Security Apps under the Looking Glass: An Empirical Analysis of Android Security Apps

TL;DR

This paper provides an empirical analysis of Android security apps, revealing privacy risks and effectiveness issues, including data resale and malware detection failures, based on static and dynamic analysis of 100 apps.

Contribution

First comprehensive empirical study of Android security apps analyzing their metadata, static and dynamic behaviors, highlighting privacy concerns and detection limitations.

Findings

20% of apps potentially resell user data without consent

Around 50% of apps fail to detect malware

Some apps access sensitive personal information

Abstract

Third-party security apps are an integral part of the Android app ecosystem. Many users install them as an extra layer of protection for their devices. There are hundreds of such security apps, both free and paid in Google Play Store and some of them are downloaded millions of times.
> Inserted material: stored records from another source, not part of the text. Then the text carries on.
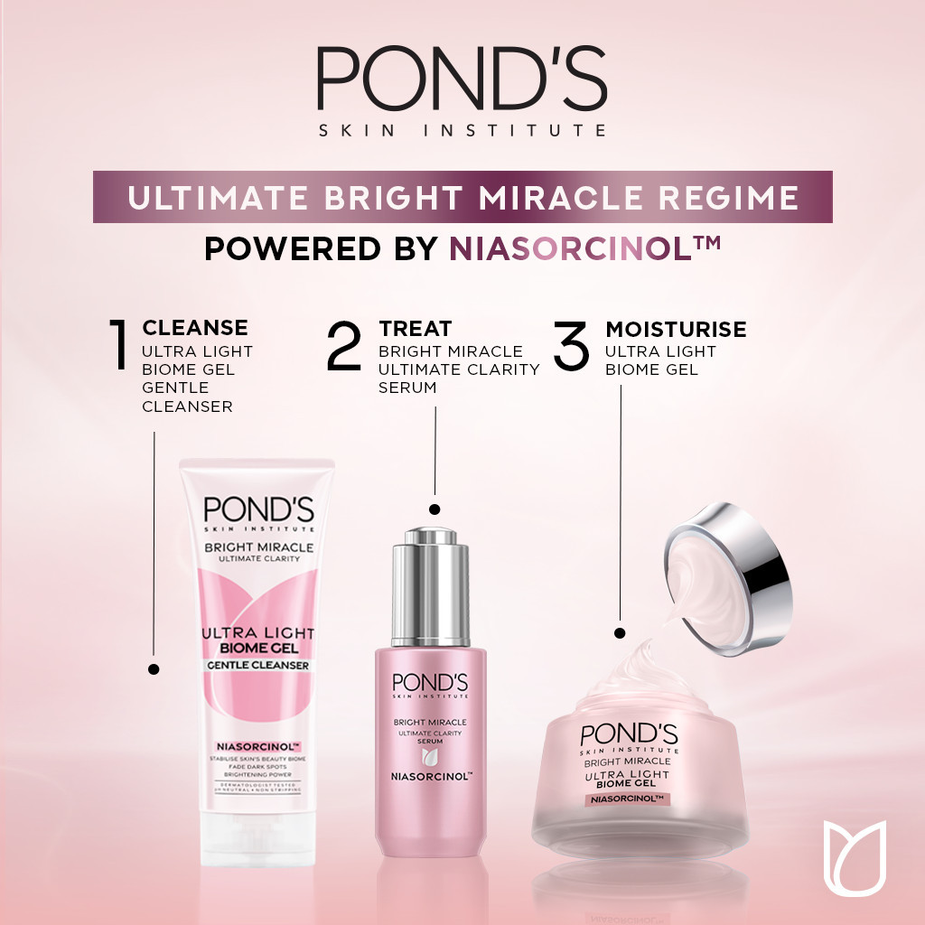 PONDS BRIGHT MIRACLE ULTRA LIGHT BIOME GEL GENTLE CLEANSER BRIGHTENING FACIAL WASH 90GR TWINPACK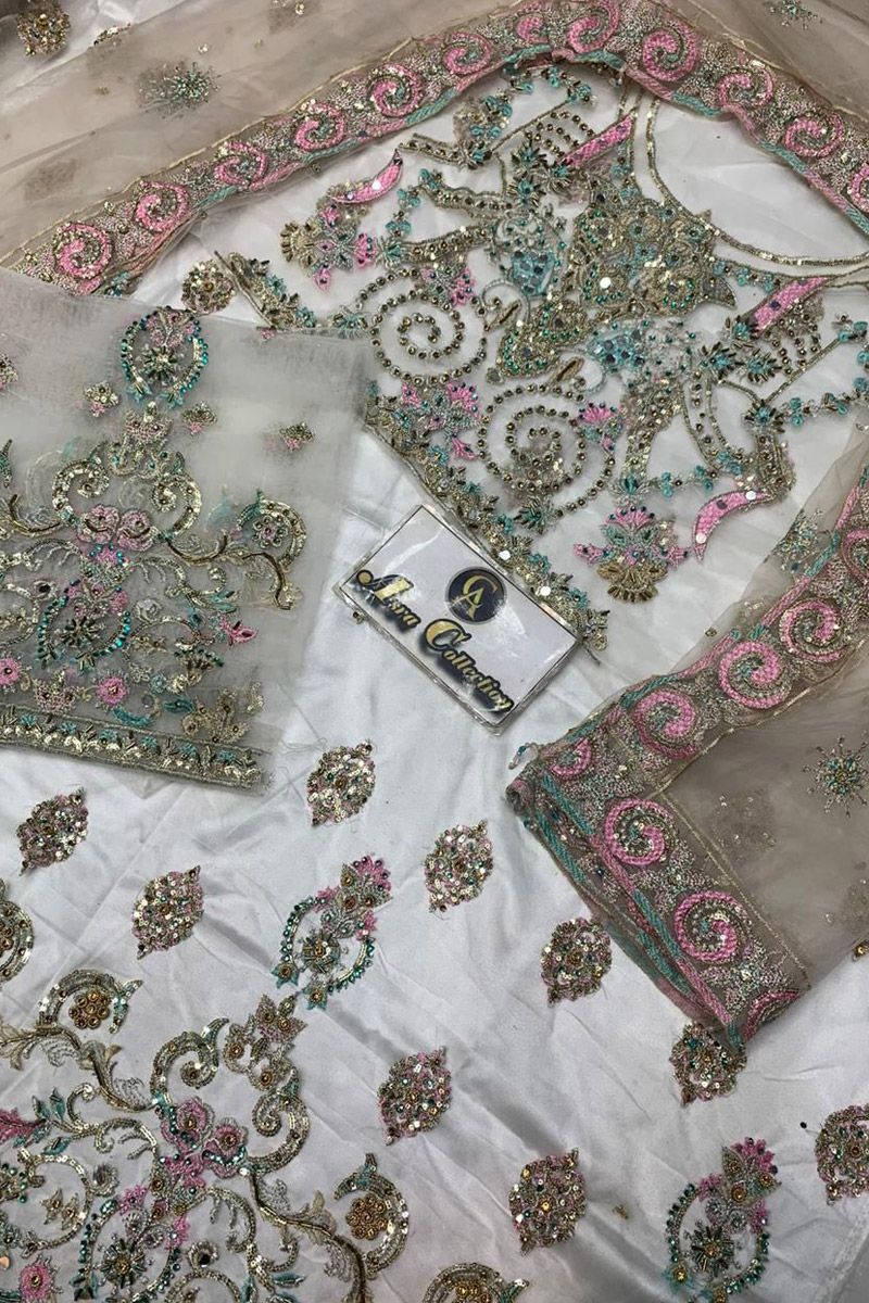Front net heavy embroidery with sequence work & stone hand work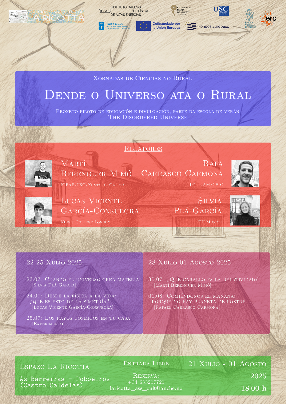 10-21/08/2026: Summer School: The Disordered Universe 2026, Espazo La Ricotta, As Barreiras (Castro Caldelas, Ourense)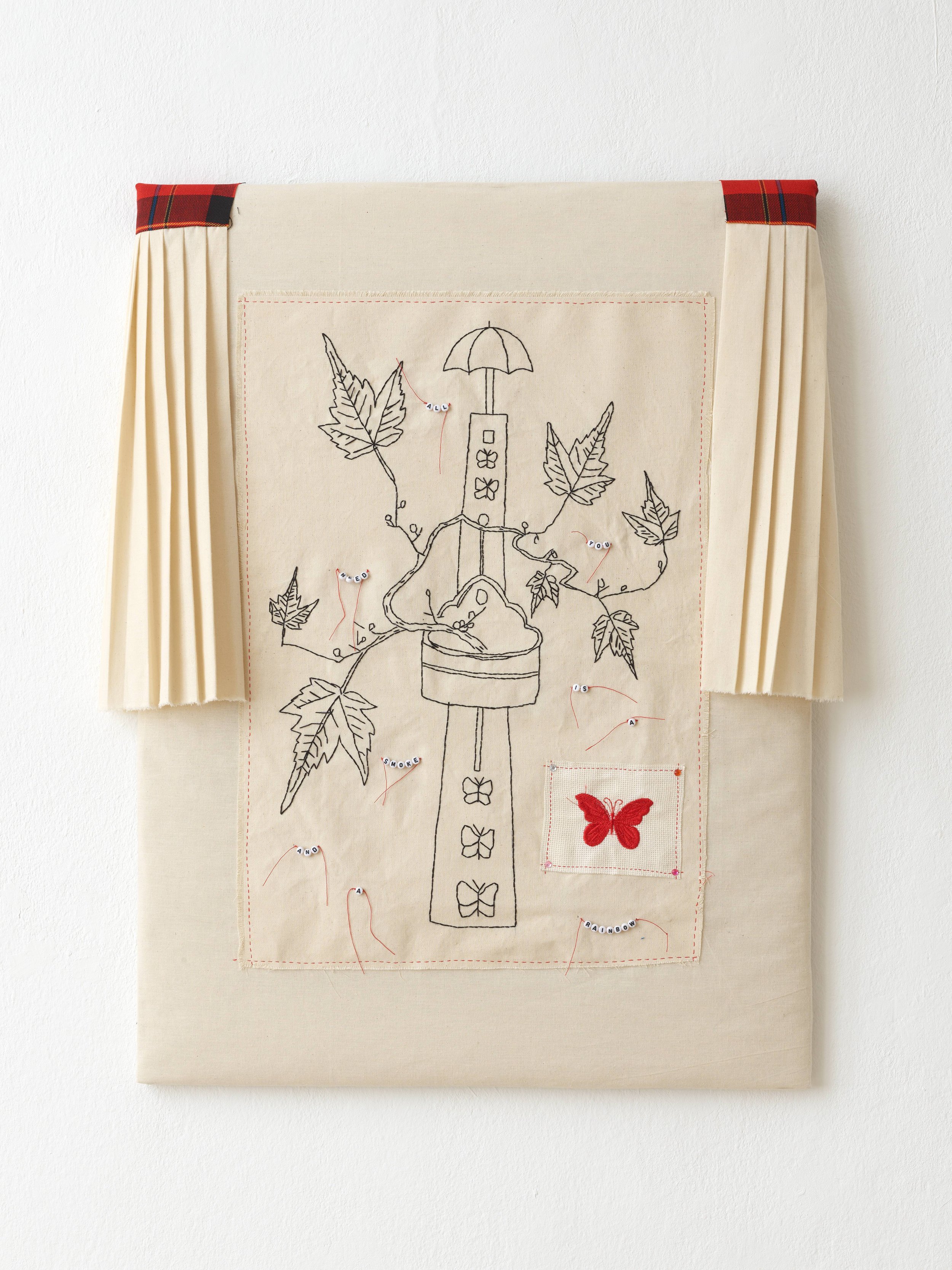 “Vertrekkende uit vakmanschap en het continue onderzoeken van de mogelijkheden van de technieken (weven & borduren), binnenin de Belgische traditie, naar een hedendaagse vertaling brengen.”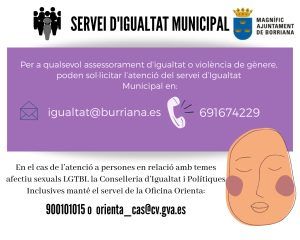 L’Ajuntament de Borriana informa la ciutadania que per a qualsevol assessorament en relació a temes d’igualtat o violència de gènere, poden sol·licitar l’atenció del servei d’Igualtat Municipal a través del correu igualtat@burriana.es, o el telèfon 691674229. També, per a revisió de Plans d’Igualtat i atenció a la ciutadania a la qual només s’atendrà amb cita prèvia.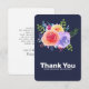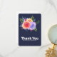 A party (or other occasion) thank you card with a nice bouquet of watercolor roses with sprigs, leaves and branches all together in a colourful floral arrangement. Navy blue background.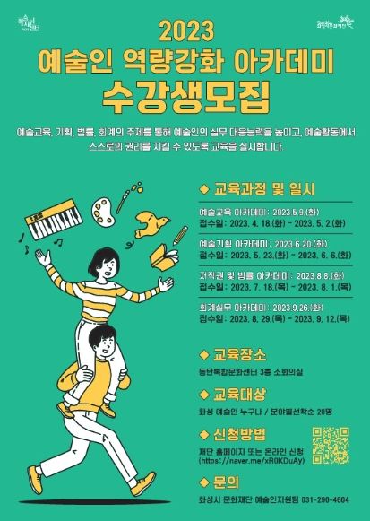 [제주교통복지신문 김강석 기자] (재)화성시문화재단 예술지원센터는 ‘2023 예술인 역량강화 아카데미’의 3회차 프로그램 ‘저작권 및 법률 아카데미’ 수강생을 오는 8월 8일(화)까지 모집한다. 해당 교육은 8월 8일(화) 14시 동탄복합문화센터 소회의실에서 약 3시간 동안 진행 예정이다.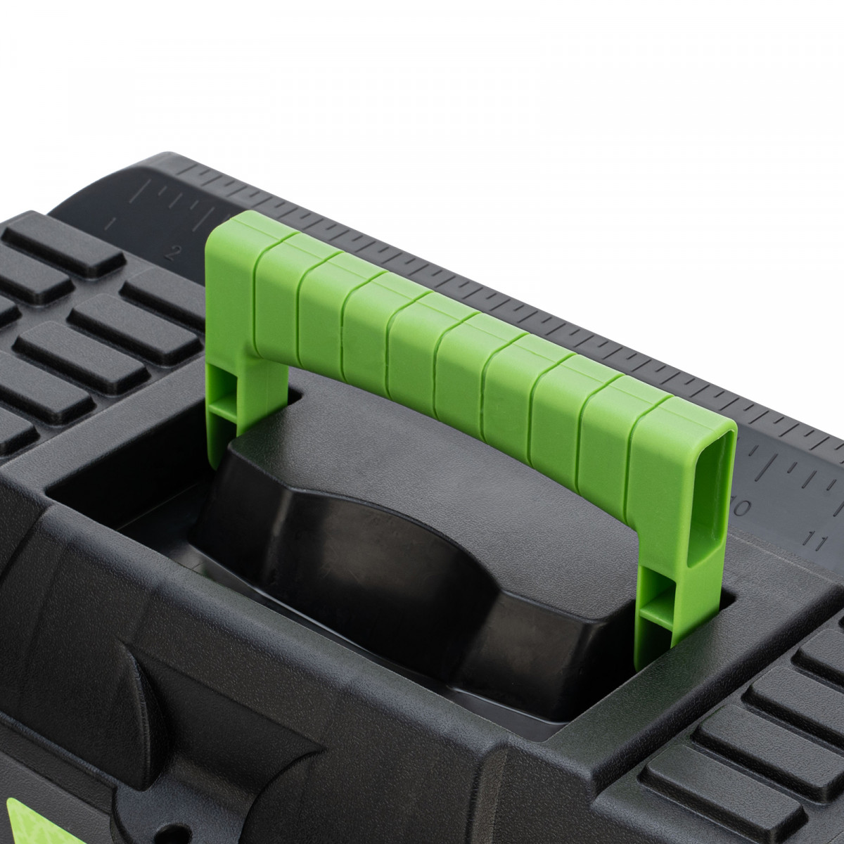 Ящик для инструмента Сибртех 90805 из пластика, размером 430 х 235 х 250 мм (длина 18"), — удобное вместилище для инструментов, бытовых мелочей, рыболовных снастей. На крышку нанесена измерительная шкала в сантиметрах и дюймах, поэтому можно проводить измерения, даже если под рукой нет линейки. Ящик пригодится в поездке, на рыбалке, а также дома, на даче или в гараже.

By installing security apps, the smartphone users place a significant amount of trust towards the security companies who developed these apps, because a fully functional mobile security app requires access to many smartphone resources such as the storage, text messages and email, browser history, and information about other installed applications. Often these resources contain highly sensitive personal information. As such, it is essential to understand the mobile security apps ecosystem to assess whether is it indeed beneficial to install them. To this end, in this paper, we present the first empirical study of Android security apps. We analyse 100 Android security apps from multiple aspects such as metadata, static analysis, and dynamic analysis and presents insights to their operations and behaviours. Our results show that 20% of the security apps we studied potentially resell the data they collect from smartphones to third parties; in some cases, even without the user consent. Also, our experiments show that around 50% of the security apps fail to identify malware installed on a smartphone.